Adaptive Compatible Performance Control for Spacecraft Attitude Control under Motion Constraints with Guaranteed Accuracy

This paper focuses on the problem of spacecraft attitude control in the presence of time-varying parameter uncertainties and multiple constraints, accounting for angular velocity limitation, performance requirements, and input saturation. To tackle this problem, we propose a modified framework called Compatible Performance Control (CPC), which integrates the Prescribed Performance Control (PPC) scheme with a contradiction detection and alleviation strategy.

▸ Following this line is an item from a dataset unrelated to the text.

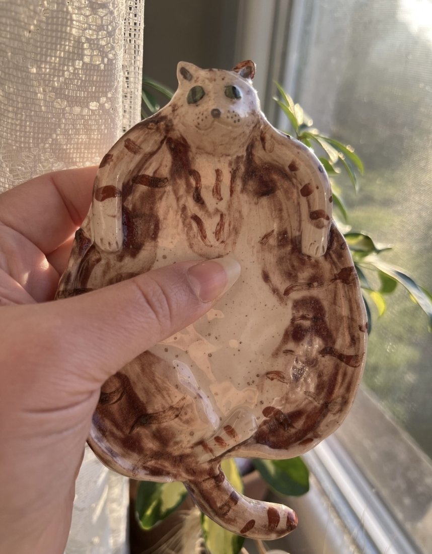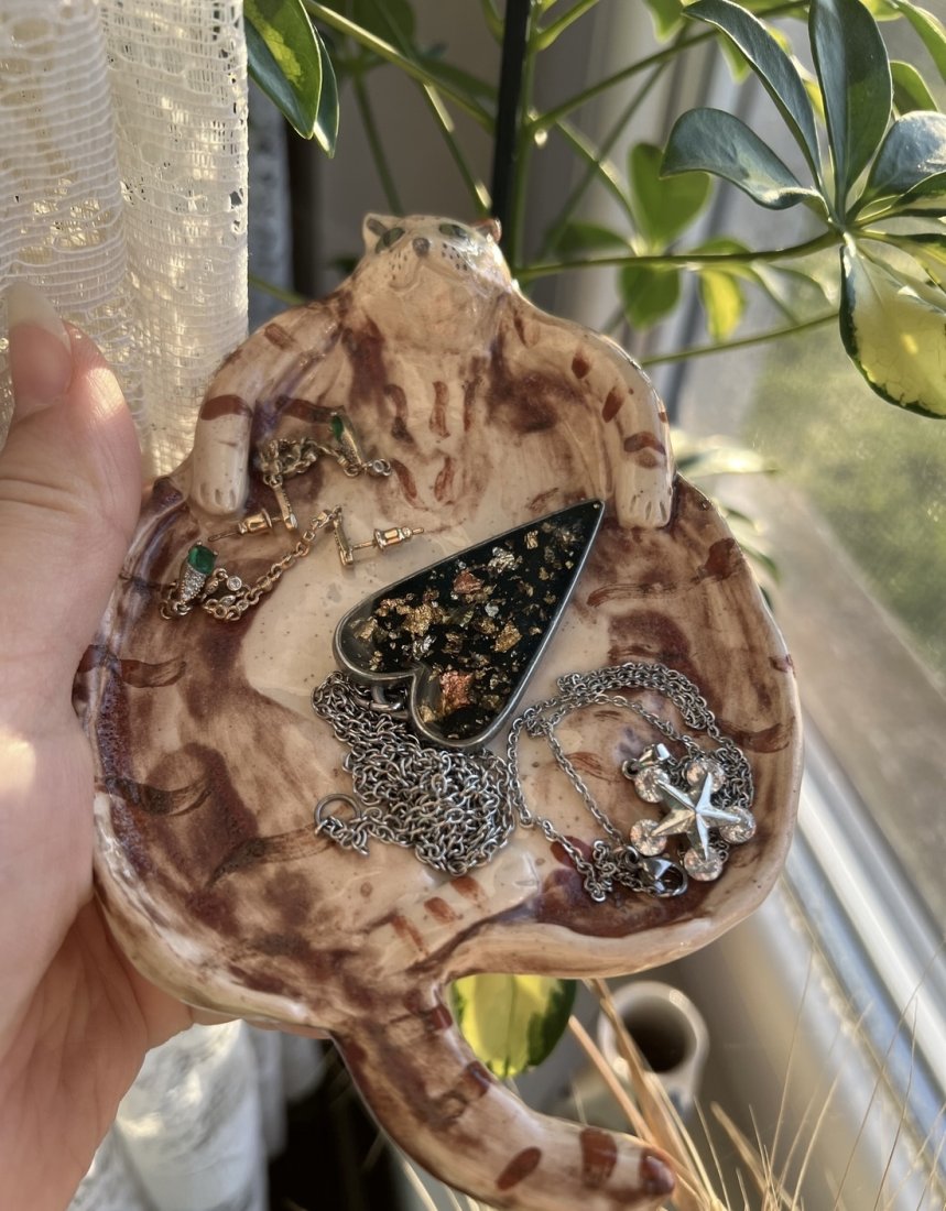 Ta urocza ceramiczna miseczka w kształcie leniwego kota to doskonały wybór do stylowego przechowywania Twoich ulubionych dodatków! Idealna na pierścionki, naszyjniki, kolczyki lub inne drobne skarby. Może być wyjątkową ozdobą toaletki, stolika nocnego lub półki w łazience.

Firstly, by introducing the Zeroing Barrier Function (ZBF) concept, we propose a detection strategy to yield judgment on the compatibility between the angular velocity constraint and the performance envelope constraint. Subsequently, we propose a projection operator-governed dynamical system with a varying upper bound to generate an appropriate bounded performance envelope-modification signal if a contradiction exists, thereby alleviating the contradiction and promoting compatibility within the system. Next, a dynamical filter technique is introduced to construct a bounded reference velocity signal to address the angular velocity limitation. Furthermore, we employ a time-varying gain technique to address the challenge posed by time-varying parameter uncertainties, further developing an adaptive strategy that exhibits robustness on disturbance rejection. By utilizing the proposed CPC scheme and time-varying gain adaptive strategy, we construct an adaptive CPC controller, which guarantees the ultimate boundedness of the system, and all constraints are satisfied simultaneously during the whole control process. Finally, numerical simulation results are presented to show the effectiveness of the proposed framework.